I went for breakfast with my old man this morning, there's a little coffee shop we go to in the same complex as a hardware I worked in as a teenager. As I lashed into me Full Irish, extra scrambled egg, no tomato, two toast with marmalade and large cappuccino I glanced out the window and was brought back 8 to 10 years when I stood in the very same carpark, dripping wet, freezing cold, unable to feel my hands and feet dealing with the most ignorant demanding customers anyone in any form of retail could be forced to deal with - the Xmas Tree shopper.
You might not realise it but there's quite a science to selling tree, details carefully passed down from elder sages who have patrolled car parks from November onwards for years to youngsters who don't know nobilis firs from nordmanns (there's a difference you'll be keen to hear). There's alot you have to deal with - women are far more demanding than men, you will open up about twenty trees before some tit decides to buy the first one you've shown them. Ignorant fuckers will never park their car anywhere near the trees, insist on you carrying it to their car and will watch while you struggle to put it on the roof of their car and tie it on. Then when you look at them like Tiny Tim eyeing a turkey they'll get into their car and drive off without so much as a "back off their son I don't want to run over you". We used to sell tress for £18.50, only one in ten people would give you the odd change as a tip. I even had a woman shut her boot on my hand once resulting in a lack of nail on my left little finger since. As I looked at my bleeding fingers, once of which turned out to be broken she merely told me I should get a plaster.

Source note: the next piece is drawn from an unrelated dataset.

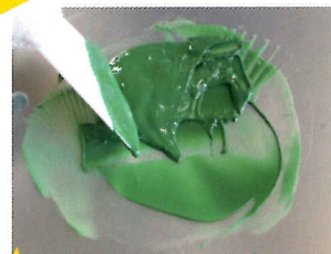
均一な緑色になるまで混ぜます。

A public information service is badly needed. People non-shed doesn't mean it won't shed a single needle so don't try and bring a tree back after 4 or 5 days after you've bought it complaining. Yes we're serious when we advise you leave your tree in a bucket of water for a day before putting it up. I don't want to see your skanky ass on the 28th moaning because your tree has rotted, fallen over and nearly killed Granny.
Tree shoppers are a strange breed genuinely made up of what seems to be every single person who has possession of a bay window, it's the curse of modern Ireland. You're never going to get a perfect tree, they only exist in Coca-Cola adds or the old Switzers window. Let when people come to buy one they expect it. 99 times out of a 100 when you try to explain to them that the less impressive side of a tree is to be put facing a wall or a corner and thus hidden you're told - "Ah no, I've got a bay window you see" - you do in your hole.